Con el retiro del ala pívot, se va de la cancha el último jugador activo de la “Generación Dorada” de Argentina que se colgó la presea áurea en los Olímpicos de Atenas 2004, sin duda, la mayor gesta en la historia del baloncesto de ese país.

Scola, además de esa medalla de oro, también exhibe en su palmarés el metal de bronce en los Juegos de Beijing 2008, dos campeonatos de las Américas (2001 y 2011), un oro panamericano (2019) y dos medallas de plata en los Campeonatos Mundiales FIBA de 2002 y 2019.

El nacido en Buenos Aires, a sus 41 años de edad, en esta justa en Tokio se convirtió en uno de los siete jugadores que han actuado en cinco Juegos Olímpicos. La selecta lista la integran el brasileño Oscar Schmidt, el australiano Andrew Gaze, el puertorriqueño Teo Cruz y los españoles Juan Carlos Navarro, Rudy Fernández y Pau Gasol.

También alcanzó el cuatro peldaño entre los máximos anotadores en la historia de los Olímpicos y ya ostentaba el segundo lugar en puntos en campeonatos mundiales.

"Él fue el mejor y más increíble jugador que ha nacido en nuestro territorio. Nos llevó a lugares insospechados. Lo único que se me ocurre es decirle gracias”, comentó sobre Scola el entrenador Hernández a la Confederación Argentina de Básquetbol. “Nos enseñó a todos lo que es la ética de trabajo, lo que es honrar el trabajo. Nos enseñó que ganar es importante, pero no es trascendente, que lo trascendente es otra historia. Nos enseñó que sí se puede. A honrar lo que hacemos, pero no por el básquet en sí, sino que toda persona de bien debe honrar lo que hace, y no poner excusas. Lo vamos a extrañar un montón, pero dejó lo más importante que es eso, y trataremos de seguir nuestro camino con ese mensaje y esa lección que nos dio", añadió.

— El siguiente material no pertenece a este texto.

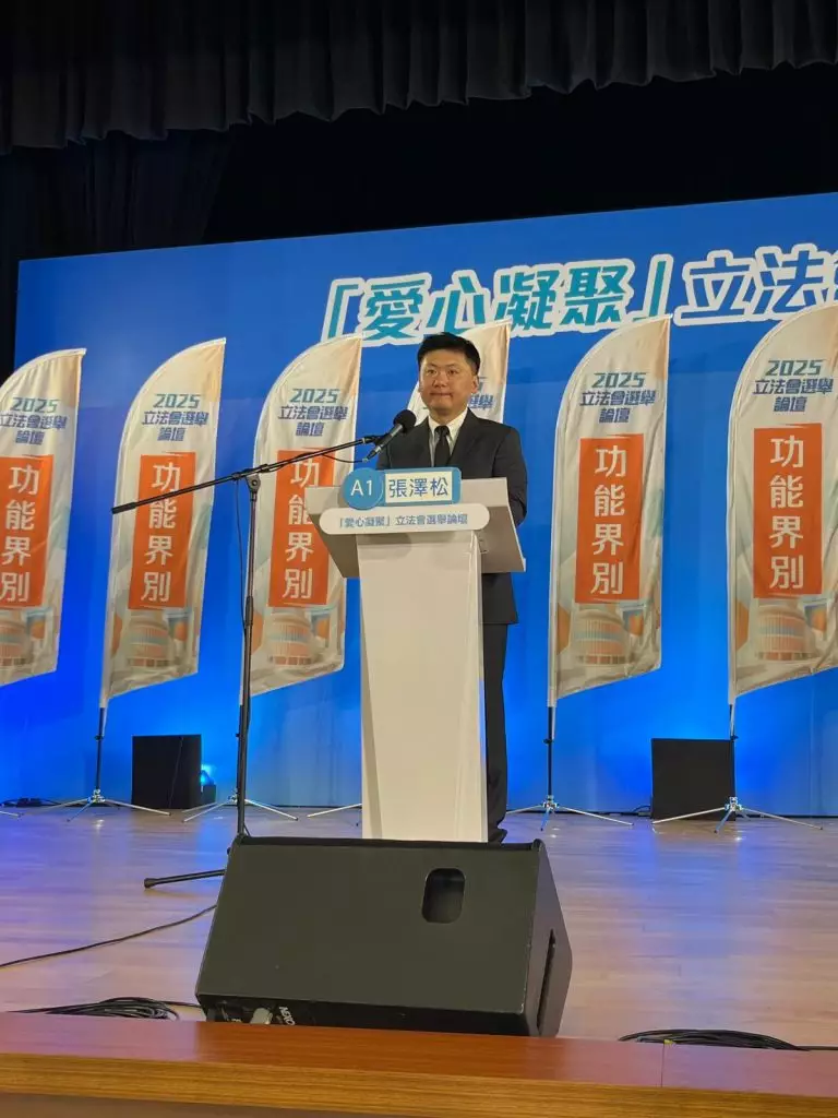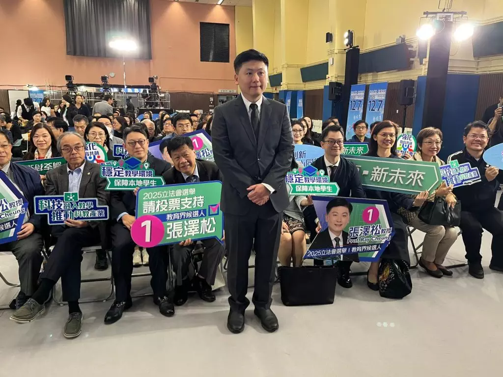 在個人及政綱介紹環節,1號候選人、城大協理副校長張澤松先向大埔火災災民表達哀悼,並指出事故反映社區關懷與社會安全網的重要性。若當選,他將推動大、中、小、幼及特殊教育之間的有效銜接與資源共享;保障教師權益,促進教育公平;推動科技創新融入教學;並強化教育共融與學生權益保障。
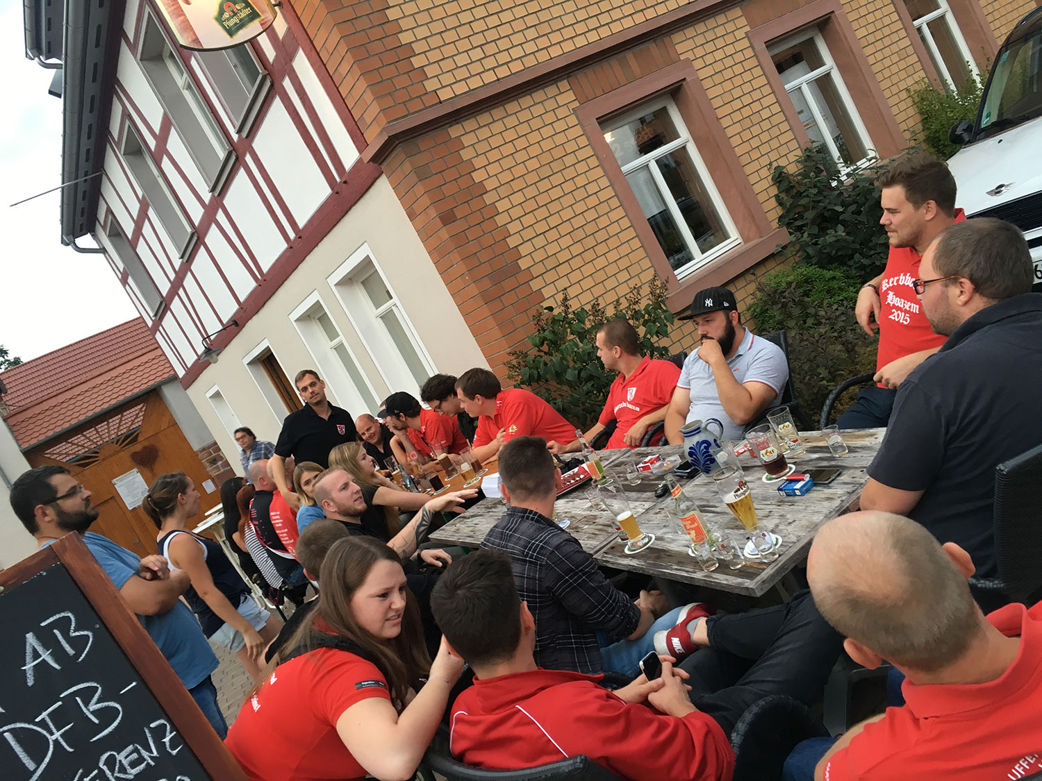 Nach zwei Tagen intensivem Aufbau kann es los gehen. Die Zelte sind aufgebaut, die Technik eingerichtet. Getränke stehen kühl und sorgen an den bevorstehenden, heißen Tagen für die nötige Kühlung von innen und zum Löschen des Durstes. Denn als erstes steht um 18.00 Uhr der Dorfrundgang, organisiert und durchgeführt vom Häzemer Dorf- & Kulturvereins auf dem Plan. Da könnte schon so manche Kehle austrocknen – denn bestimmt haben die Mitglieder des Dorf- & Kulturvereins wieder viel Neues zusammen getragen und zu erzählen. Die trockenen Kehlen können dann ab 19.30 Uhr beim „Offenen Singen“ mit dem MGV, den Village Voices und den Kerbborschen im Festzelt wieder angefeuchtet werden, bevor ab 23.00 Uhr die Kerbparty und DJ Timo startet. Na dann – wir sehen uns ab 18.00 Uhr auf der Häzemer Kerb!
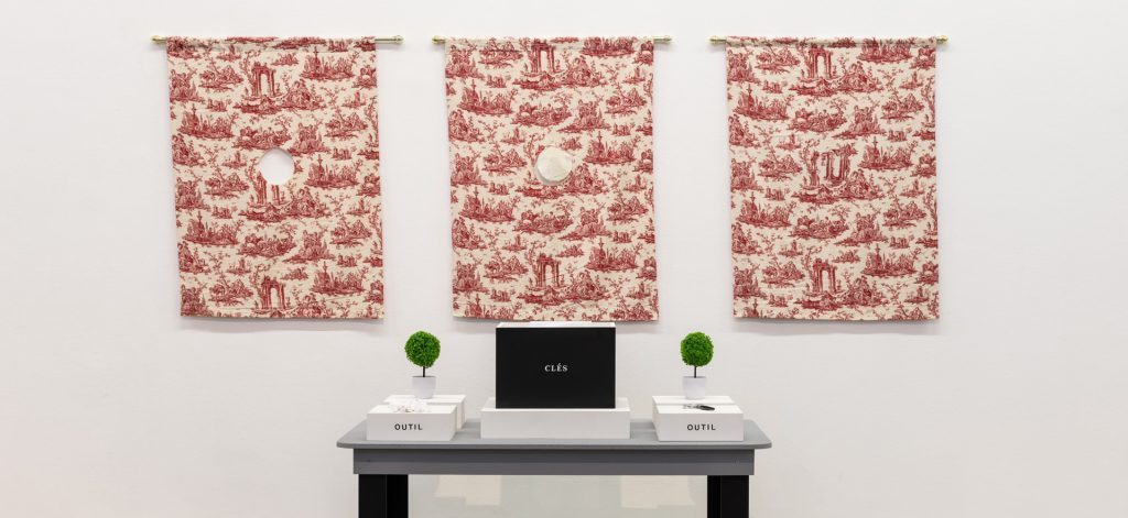„Ich habe über die ‚toile‘ nachgedacht – den gestickten Baumwollstoff. Das ist ein prosaisches Material, das vielfach imitiert wird. Das habe ich als Kind bei Möbeln im französischen Landhausstil beobachtet“, erklärt Green: Textilien, in die pastorale Szenen gestickt sind, die „toiles“, sollen üblicherweise ein altes Europa für den Massenmarkt evozieren. Wenn man bei Greens Variation auf dieser Form näher hinschaut, sieht man die Gewaltszenen, die sie in die idyllischen Landschaften eingefügt hat. Denn die Stoffe tragen eine koloniale Vergangenheit, wie Green in Nantes, Frankreich recherchierte, sie spielten eine Rolle im Transatlantischen Menschenhandel zwischen Europa, Afrika und Nordamerika.
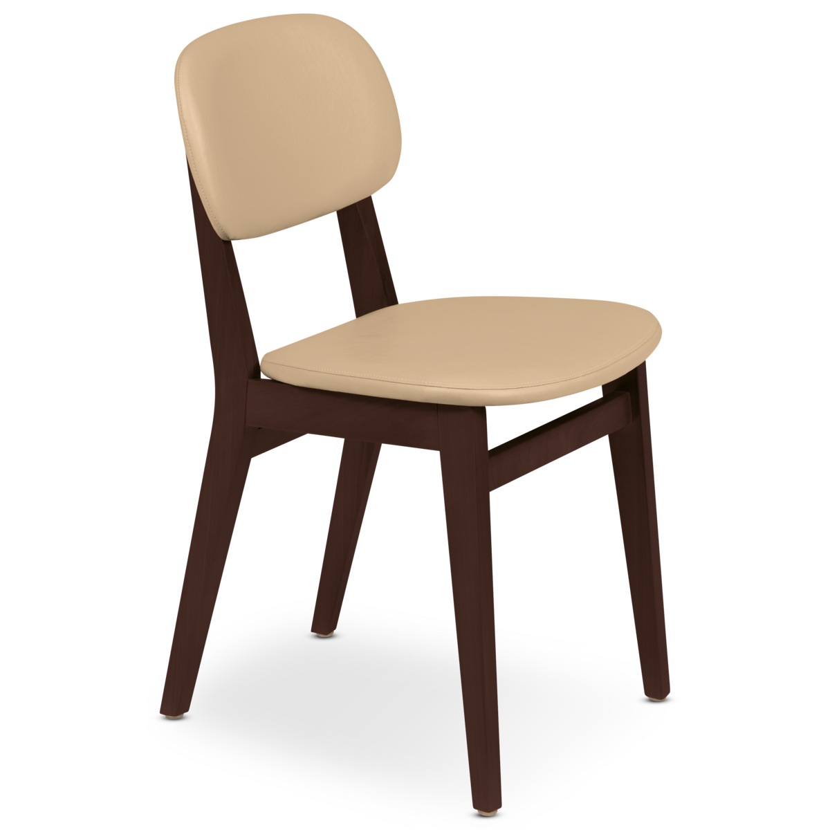 Cadeira sem braços de madeira tauarí. Acabamento com verniz tingido de castanho escuro. Assento e encosto estofado em couríssimo bege. Produto é entregue montado.
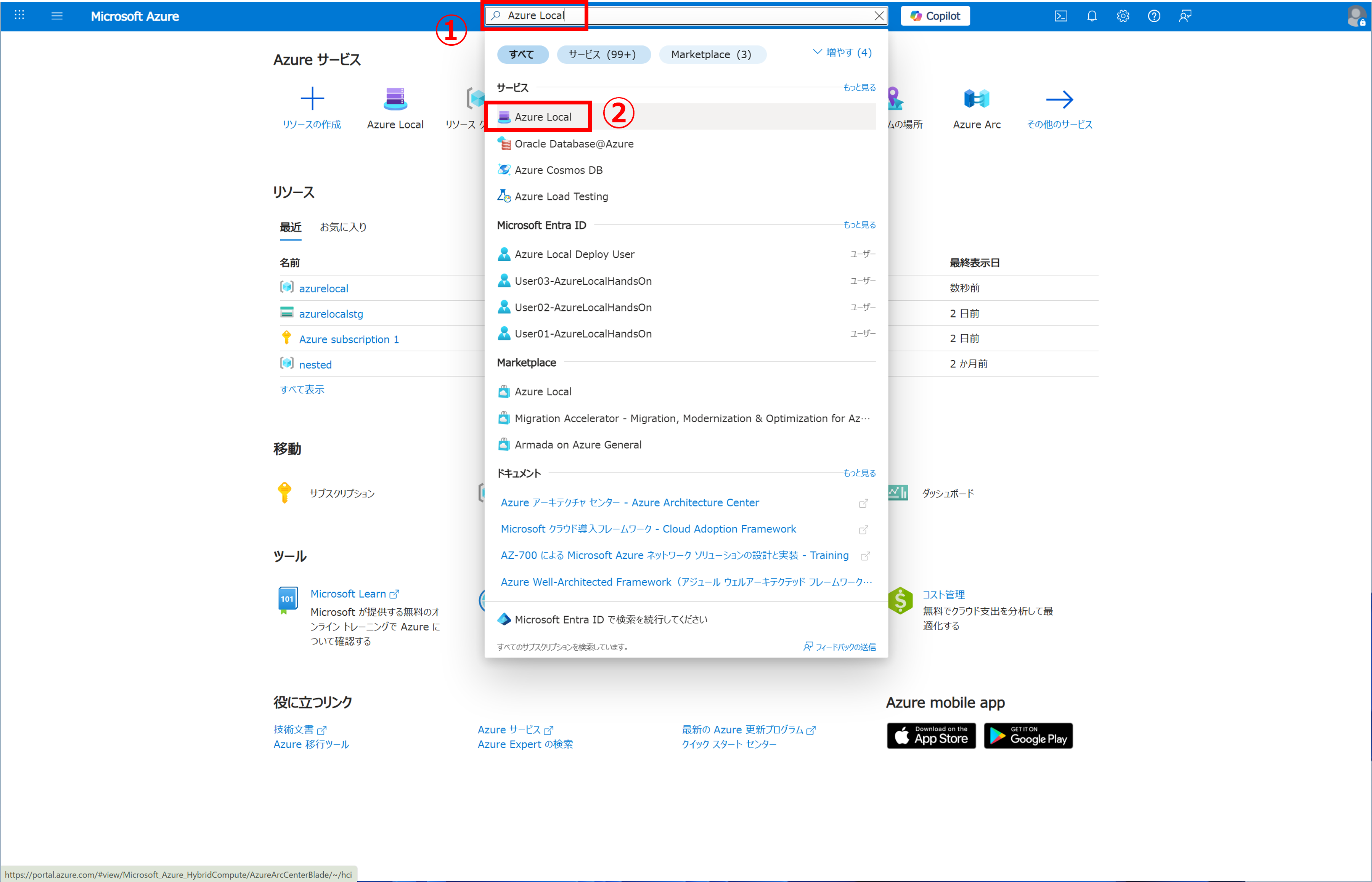 2. 検索窓で [Azure Local] と検索し、Azure Localサービスをクリックします。
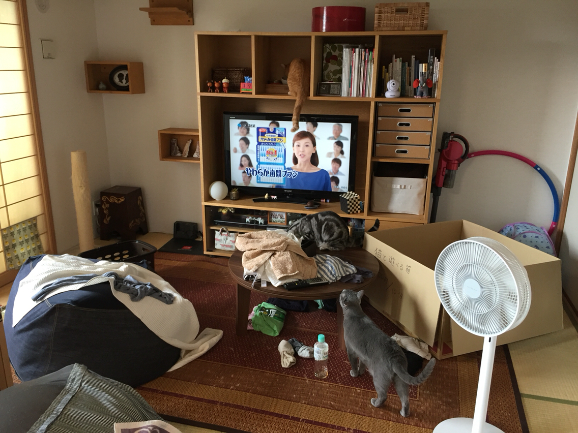 2人とも元汚部屋住人だからというのもあり(一緒にすんな!と南の方から声が聞こえそうですが)、帰国中は遊ぶの重視で片付け疎かになるというのもあります。

Desde su debut en 1999 en el Campeonato Sudamericano de Bahía Blanca, Argentina, Scola participó en un total de 22 torneos internacionales, incluyendo Tokio 2020. En ese transitar solo se ausentó en el Campeonato FIBA Américas de 2005. Es el líder histórico de la selección argentina en partidos disputados con 173 y en puntos anotados con 2857. Razones de sobra para irse en paz, como él mismo lo dijo.